Peak Oil in the Mainstream

The Coming Oil Crisis

by Dan Ackman

Prophets Of Doom column, Forbes Online (January 13 2005)


The world economy has gotten fairly comfortable with oil at $45 a barrel. But how will it react to paying $100 a barrel three years from now? Or $150 in five years?

That's what the future holds according to Stephen Leeb, president of Leeb Capital Management and author of The Oil Factor (Warner Books 2004). The result, Leeb says, will be double digit inflation - if we're lucky. If we're not, it will be a severe depression. We asked Leeb to explain the gilding of black gold.

You say the price of oil will rise much higher than it already has. Why?

"The problem we have is that there are 2.3 billion people in Chindia", Leeb says, using shorthand for a combined China and India.

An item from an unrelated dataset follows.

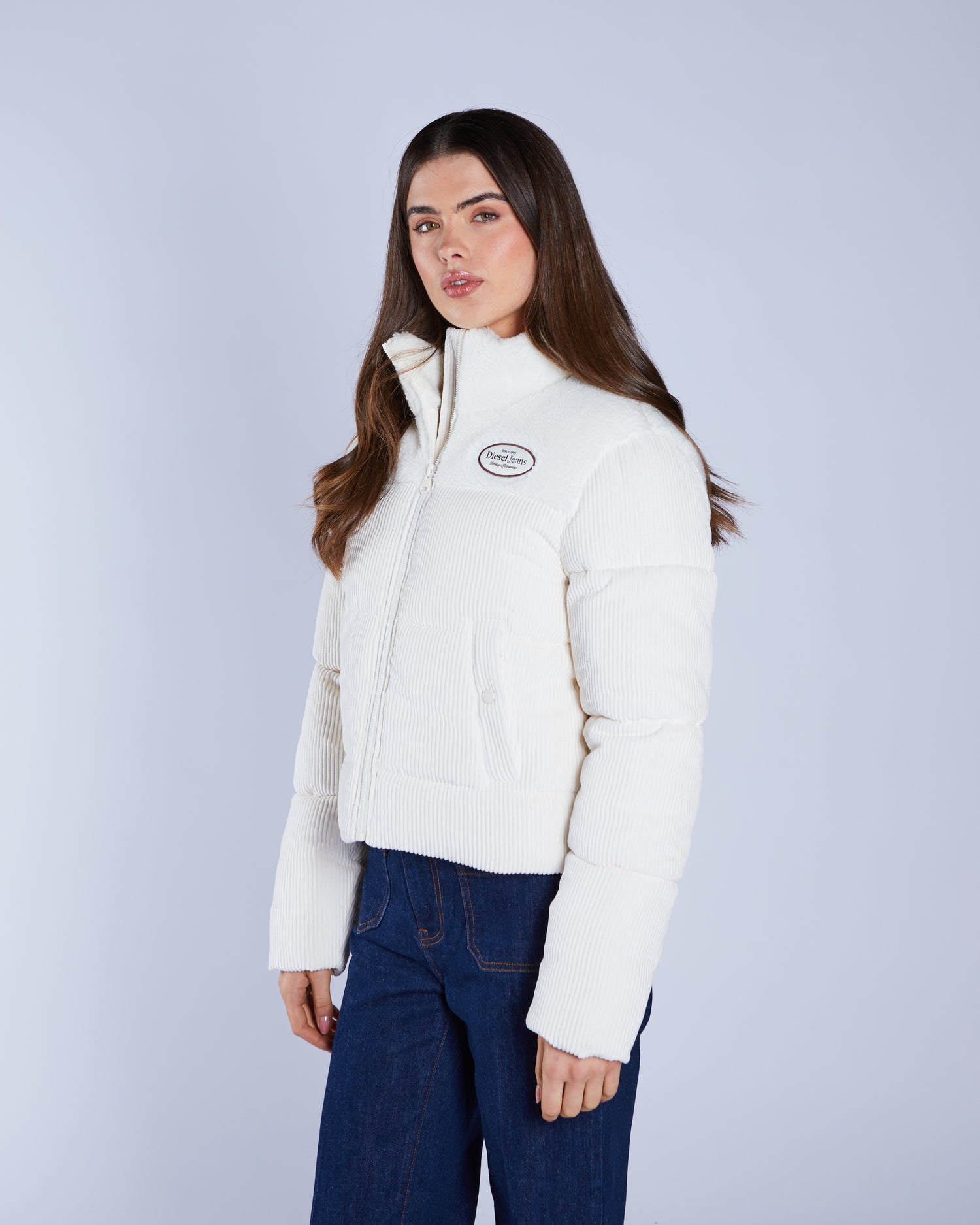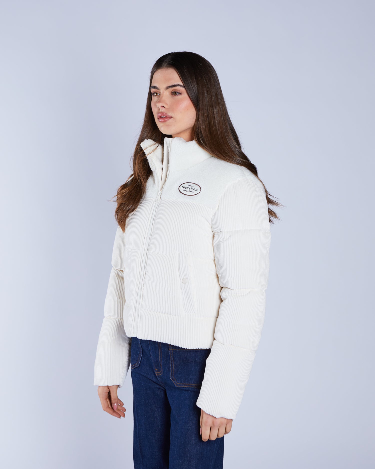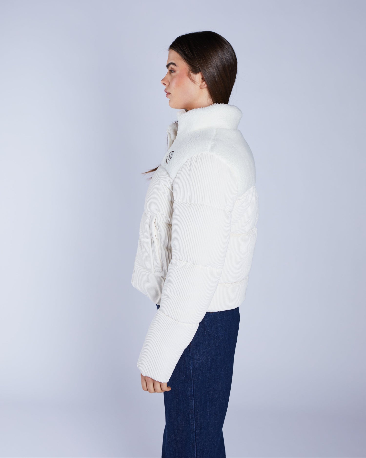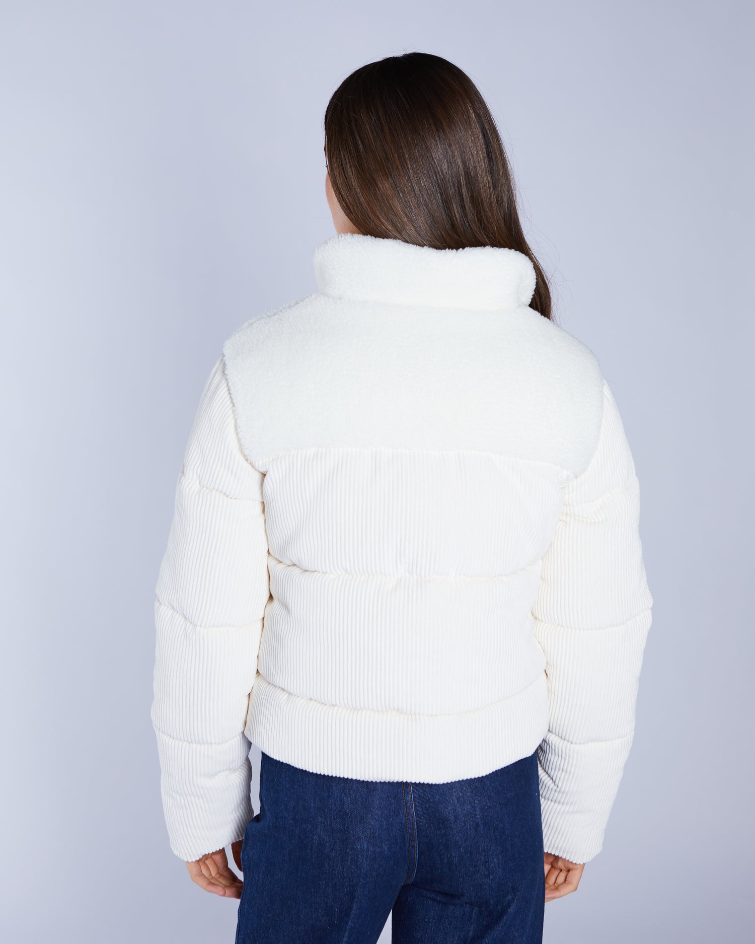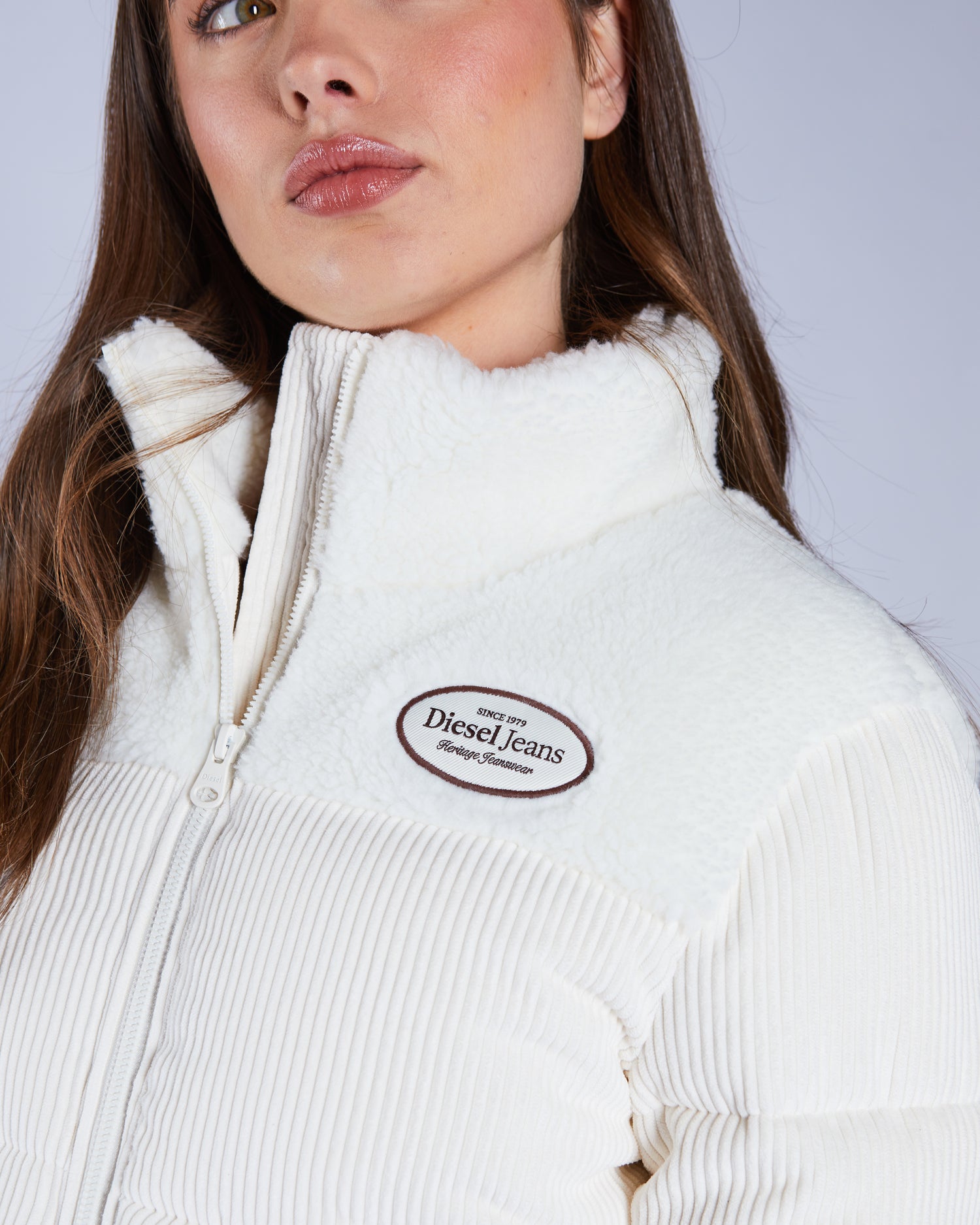 Introducing our short corduroy puffer jacket with contrast sherpa panel. Woven DIESEL badge on wearer's right chest. This stylish jacket features welted side pockets complemented by metal snap buttons for a polished finish, as well as a front zip closure.

"Today, China and India use the energy-equivalent of 5.5 barrels of oil per person per year, while rich nations use 39. No matter how rosy your thinking is as to the global supply of oil, there is no way there is going to be enough to satisfy the demands of an extra 2.3 billion people coming online."

As China and India become rich nations, the demand for oil could grow at 6% per year, compared to 2% recently. Currently, the world has almost no excess supply. The planet is operating at anywhere from 95% to 99% capacity, Leeb says. "There is no margin for error". The only way the system can respond is continued price increases.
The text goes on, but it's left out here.